During servicing, any received packets should be passed up via
(*ifp->if_input)(ifp, m)
which would be responsible for ALTQ or any other
optional processing as well as protocol dispatch. Protocol dispatch in
<iftype>_input
decodes the datalink headers, if needed, via a table
lookup and call the matching protocol's pr_input
to process the packet.
As such, interrupt queues (e.g. ipintrq
) would no longer be needed. Any
transmitted packets can be processed as can MII events. Either true or
false should be returned by if_poll
depending on whether another
invokation of <iftype>_poll
for this interface should be immediately
scheduled or not, respectively.
Memory allocation has to be prohibited in the interrupt routines.
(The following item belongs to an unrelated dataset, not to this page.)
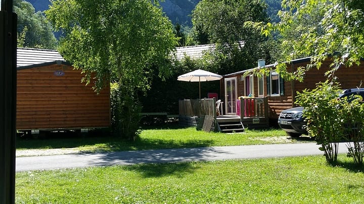 Het rechthoekige, vlakke terrein biedt uitzicht op de bergen. De staanplaatsen zijn afgebakend door loof- en naaldbomen en hoge heggen of houten hekken. Achter op het terrein ligt een deel voor tentkampeerders. Op 250 m afstand ligt het gemeentelijk zwembad, dat gratis toegankelijk is voor de kampeerders. Honden zijn toegestaan. De camping ligt bij de Alpe-d'Huez. Tennis is buiten het terrein tegen betaling mogelijk. Het rechthoekige, vlakke terrein biedt uitzicht op de bergen. De staanplaatsen zijn afgebakend door loof- en naaldbomen en hoge heggen of houten hekken. Achter op het terrein ligt een deel voor tentkampeerders. Op 250 m afstand ligt het gemeentelijk zwembad, dat gratis toegankelijk is voor de kampeerders. Honden zijn toegestaan. De camping ligt bij de Alpe-d'Huez. Tennis is buiten het terrein tegen betaling mogelijk.

The
device's if_poll
routine should pre-allocate enough mbufs to do any
required buffering. For devices doing DMA, the buffers are placed into
receive descripors to be filled via DMA.
For devices doing PIO, pre-allocated mbufs are enqueued onto the softc of
the device so when the interrupt routine needs one it simply dequeues one,
fills in it in, and then enqueues it onto a completed queue, finally calls
<iftype>_defer
. If the number of pre-allocated mbufs drops below a
threshold, the driver may decide to increase the number of mbufs that
if_poll
pre-allocates. If there are no mbufs left to receive the packet,
the packets is dropped and the number of mbufs for if_poll
to
pre-allocate should be increased.
When interrupts are unmasked depends on a few things. If the device is interrupting "too often", it might make sense for the device's interrupts to remain masked and just schedule the device's continuation for the next clock tick. This assumes the system has a high enough value set for HZ.